[Saved entries]
+ + + +
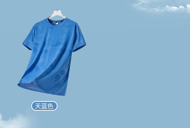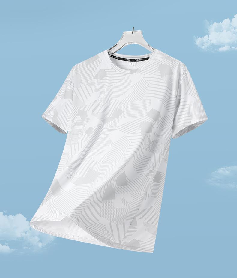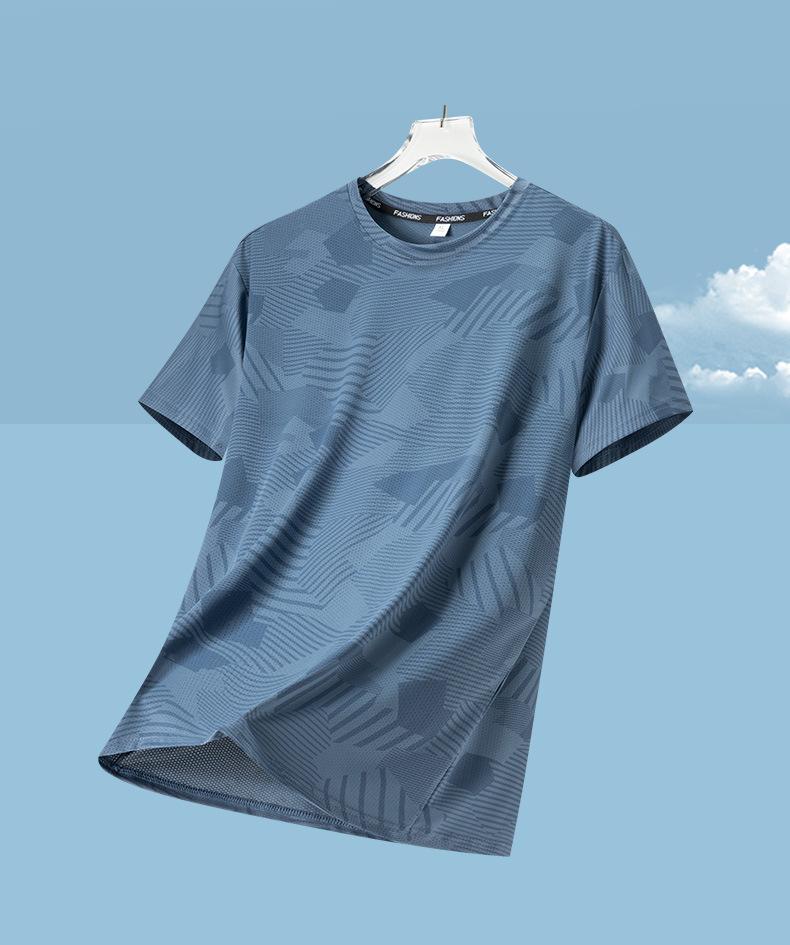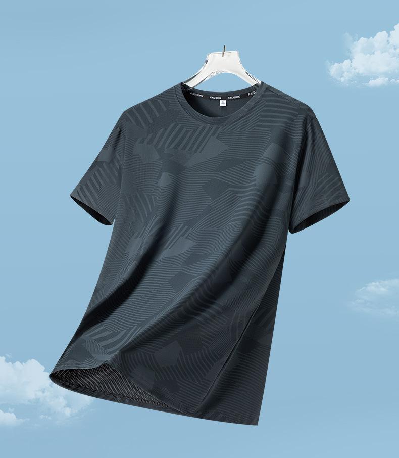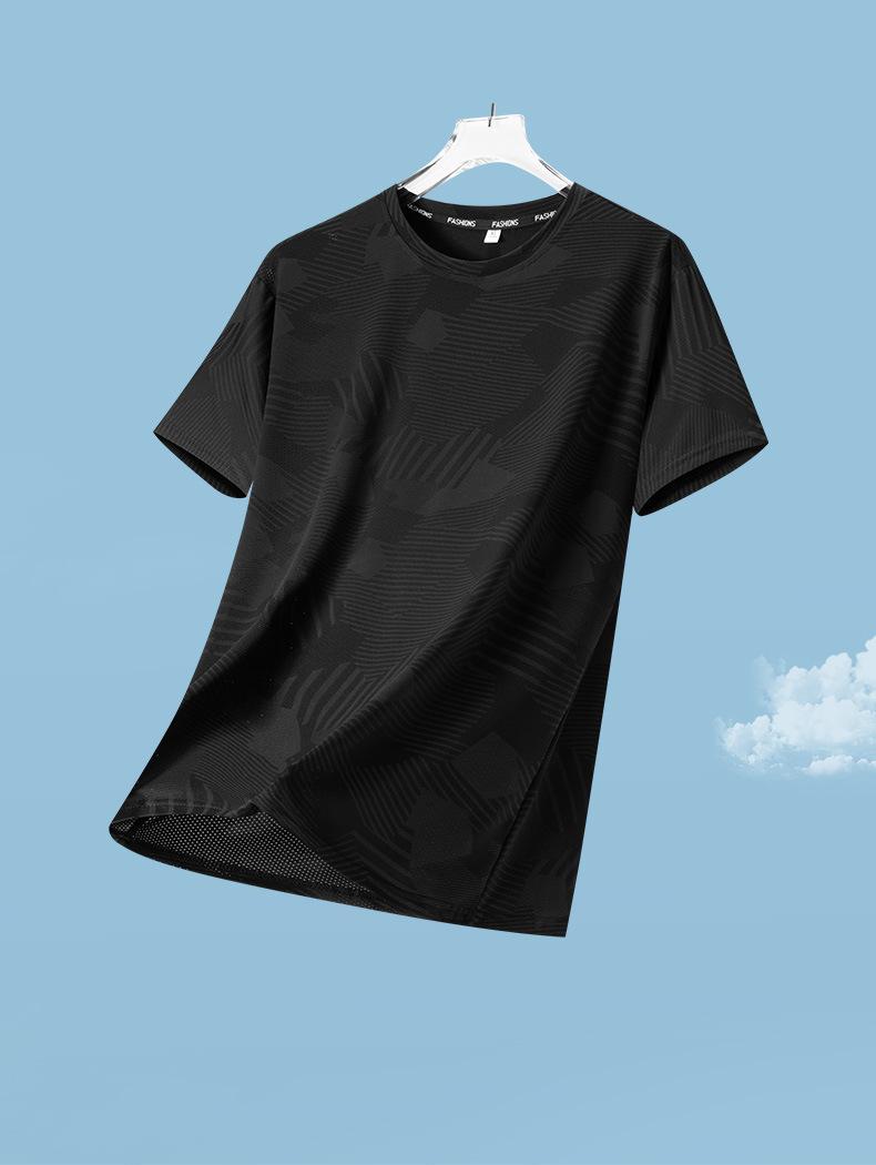 Camiseta de manga corta para hombre de verano delgada de seda de hielo fresca de malla de cuello redondo para hombre ropa deportiva de verano de secado rápido
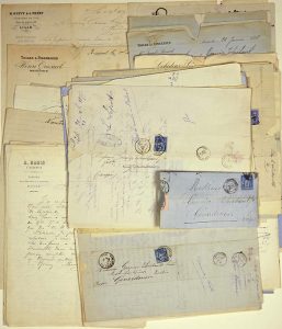 VOSGES. 85 Lettres et Factures adressées à «GARNIER THIEBAULT Frères», Manufacturier, Fabricant de Toiles à GÉRARDMER. De 1877 à 1897 - Oblitérations et timbres.
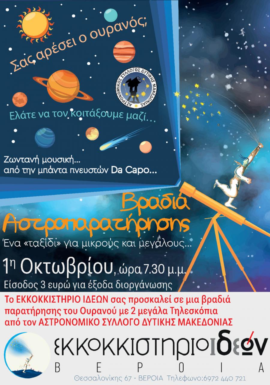 Ο Αστρονομικός Σύλλογος Δυτικής Μακεδονίας θα φέρει τα τηλεσκόπιά του και με την καθοδήγηση των ειδικών επιστημόνων που τα χειρίζονται, θα δουν τον ΔΙΑ, τον μεγαλύτερο πλανήτη του ηλιακού μας συστήματος, τον ΚΡΟΝΟ με τους δακτυλίους του, αλλά και τη ΣΕΛΗΝΗ το ΦΕΓΓΑΡΙ μας όπως έχουμε συνηθίσει να το λέμε, που είναι το φωτεινότερο σώμα στον Ουρανό μετά τον Ήλιο.
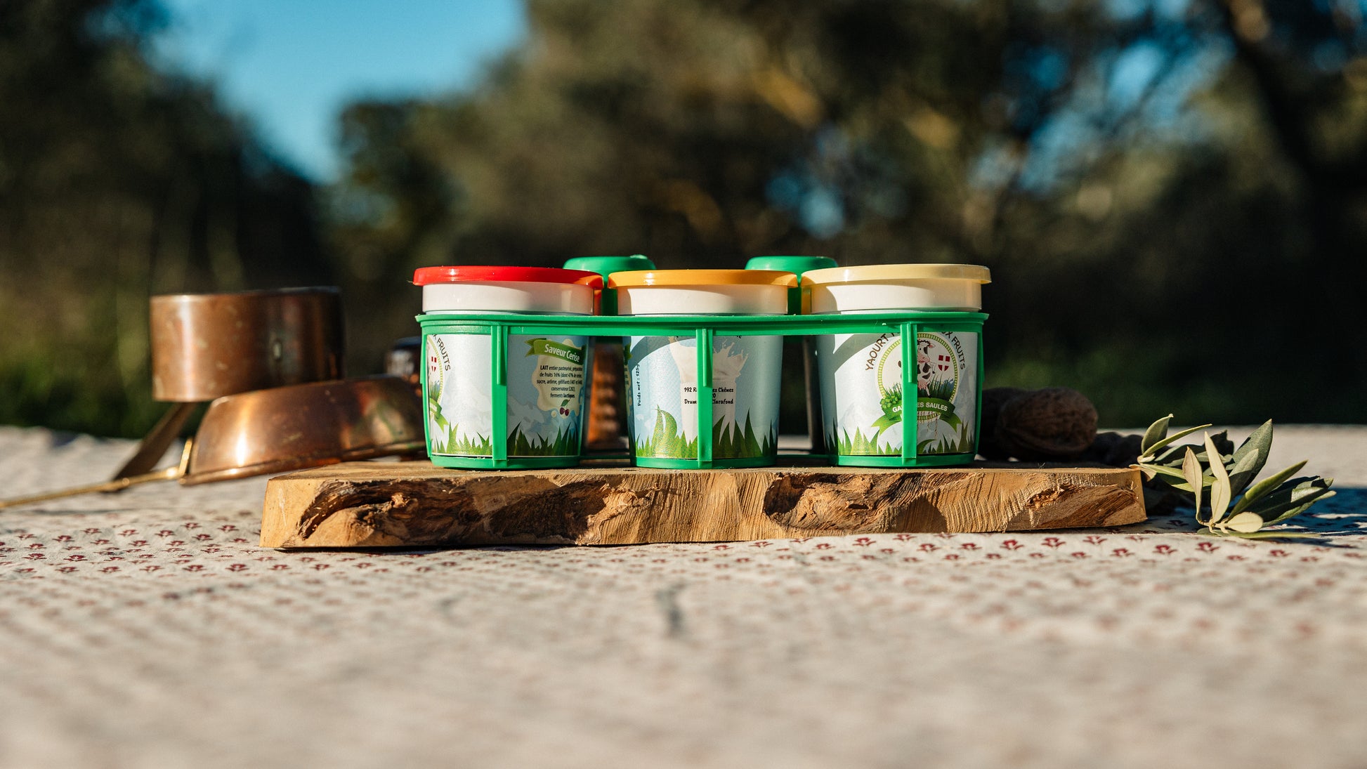 Six yaourts fermiers transformés à la ferme à partir de lait entier d'un seul troupeau sur lit de préparation aux fruits. Ce yaourt est fait de façon traditionnelle sans arômes ni conservateurs.
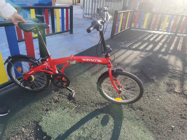 Dettagli del prodottoBicicletta pieghevole rossa del marchio Wayscral. Con telaio pieghevole, ruote da 20 pollici, freni e sella regolabile. La descrizione è stata tradotta automaticamente.
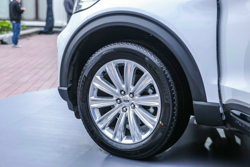 La-zăng Explorer có thiết kế đa chấu, được sơn bạc có lớp phủ bóng
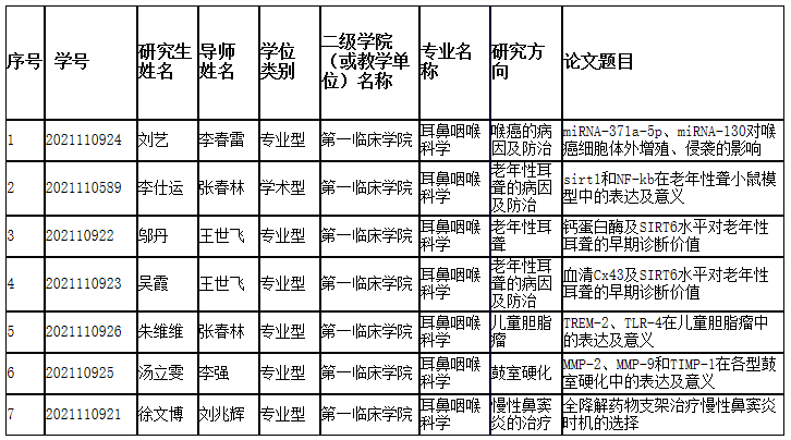 2022年耳鼻咽喉科学硕士研究生学位论文开题公告
+ + + +
• Aim of the exercise
The required output is the exact run of lines from the start of the records through the line containing "Ο Αστρονομικός Σύλλογος", both ends included, with no pictures.

• Task output
 Camiseta de manga corta para hombre de verano delgada de seda de hielo fresca de malla de cuello redondo para hombre ropa deportiva de verano de secado rápido
 VOSGES. 85 Lettres et Factures adressées à «GARNIER THIEBAULT Frères», Manufacturier, Fabricant de Toiles à GÉRARDMER. De 1877 à 1897 - Oblitérations et timbres.
 Ο Αστρονομικός Σύλλογος Δυτικής Μακεδονίας θα φέρει τα τηλεσκόπιά του και με την καθοδήγηση των ειδικών επιστημόνων που τα χειρίζονται, θα δουν τον ΔΙΑ, τον μεγαλύτερο πλανήτη του ηλιακού μας συστήματος, τον ΚΡΟΝΟ με τους δακτυλίους του, αλλά και τη ΣΕΛΗΝΗ το ΦΕΓΓΑΡΙ μας όπως έχουμε συνηθίσει να το λέμε, που είναι το φωτεινότερο σώμα στον Ουρανό μετά τον Ήλιο.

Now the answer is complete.